What the exercise asks: Your answer should be only the lines below from the one with "Президент Владимир Зеленский" to the one with "接下来,由员工代表领唱《是妈", repeated exactly, ends included.

Information:
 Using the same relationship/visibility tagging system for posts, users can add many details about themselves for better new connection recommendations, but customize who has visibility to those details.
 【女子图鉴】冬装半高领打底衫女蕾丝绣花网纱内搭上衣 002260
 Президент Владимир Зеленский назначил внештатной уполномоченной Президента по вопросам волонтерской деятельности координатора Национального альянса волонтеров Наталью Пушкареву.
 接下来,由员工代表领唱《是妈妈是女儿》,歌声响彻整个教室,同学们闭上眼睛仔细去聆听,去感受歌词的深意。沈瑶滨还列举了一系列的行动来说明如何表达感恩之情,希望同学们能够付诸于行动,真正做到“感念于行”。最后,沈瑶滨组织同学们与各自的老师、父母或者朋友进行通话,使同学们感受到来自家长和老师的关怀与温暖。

==

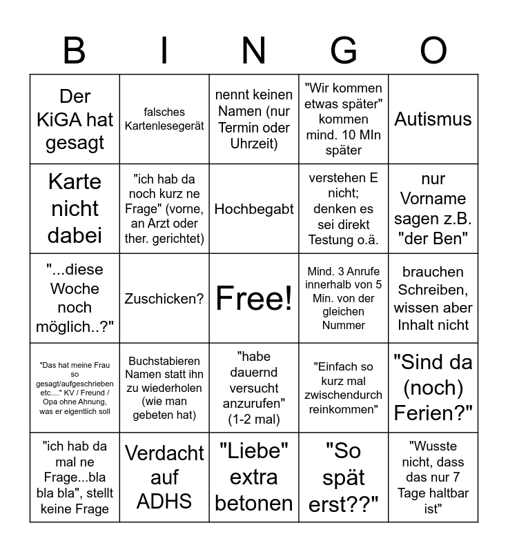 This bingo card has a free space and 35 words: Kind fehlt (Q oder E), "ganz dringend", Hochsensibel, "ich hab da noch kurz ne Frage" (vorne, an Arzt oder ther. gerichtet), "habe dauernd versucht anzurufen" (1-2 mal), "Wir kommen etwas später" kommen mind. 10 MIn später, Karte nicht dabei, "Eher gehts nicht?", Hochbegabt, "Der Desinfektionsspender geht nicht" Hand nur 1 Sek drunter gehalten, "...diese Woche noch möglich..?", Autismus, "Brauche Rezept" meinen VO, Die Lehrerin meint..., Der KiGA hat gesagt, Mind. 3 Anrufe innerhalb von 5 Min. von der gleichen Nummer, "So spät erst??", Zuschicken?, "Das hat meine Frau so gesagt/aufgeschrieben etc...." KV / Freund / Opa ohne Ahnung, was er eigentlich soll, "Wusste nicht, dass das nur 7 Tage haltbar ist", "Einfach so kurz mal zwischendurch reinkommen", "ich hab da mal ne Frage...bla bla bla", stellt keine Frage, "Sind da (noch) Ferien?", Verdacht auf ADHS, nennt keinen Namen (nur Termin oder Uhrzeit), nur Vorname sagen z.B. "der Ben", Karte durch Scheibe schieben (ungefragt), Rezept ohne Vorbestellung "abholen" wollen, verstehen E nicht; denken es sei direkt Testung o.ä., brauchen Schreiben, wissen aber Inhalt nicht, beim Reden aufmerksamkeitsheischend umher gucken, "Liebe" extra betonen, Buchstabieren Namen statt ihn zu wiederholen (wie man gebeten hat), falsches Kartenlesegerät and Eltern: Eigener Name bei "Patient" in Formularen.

Solution for this task:
 Президент Владимир Зеленский назначил внештатной уполномоченной Президента по вопросам волонтерской деятельности координатора Национального альянса волонтеров Наталью Пушкареву.
 接下来,由员工代表领唱《是妈妈是女儿》,歌声响彻整个教室,同学们闭上眼睛仔细去聆听,去感受歌词的深意。沈瑶滨还列举了一系列的行动来说明如何表达感恩之情,希望同学们能够付诸于行动,真正做到“感念于行”。最后,沈瑶滨组织同学们与各自的老师、父母或者朋友进行通话,使同学们感受到来自家长和老师的关怀与温暖。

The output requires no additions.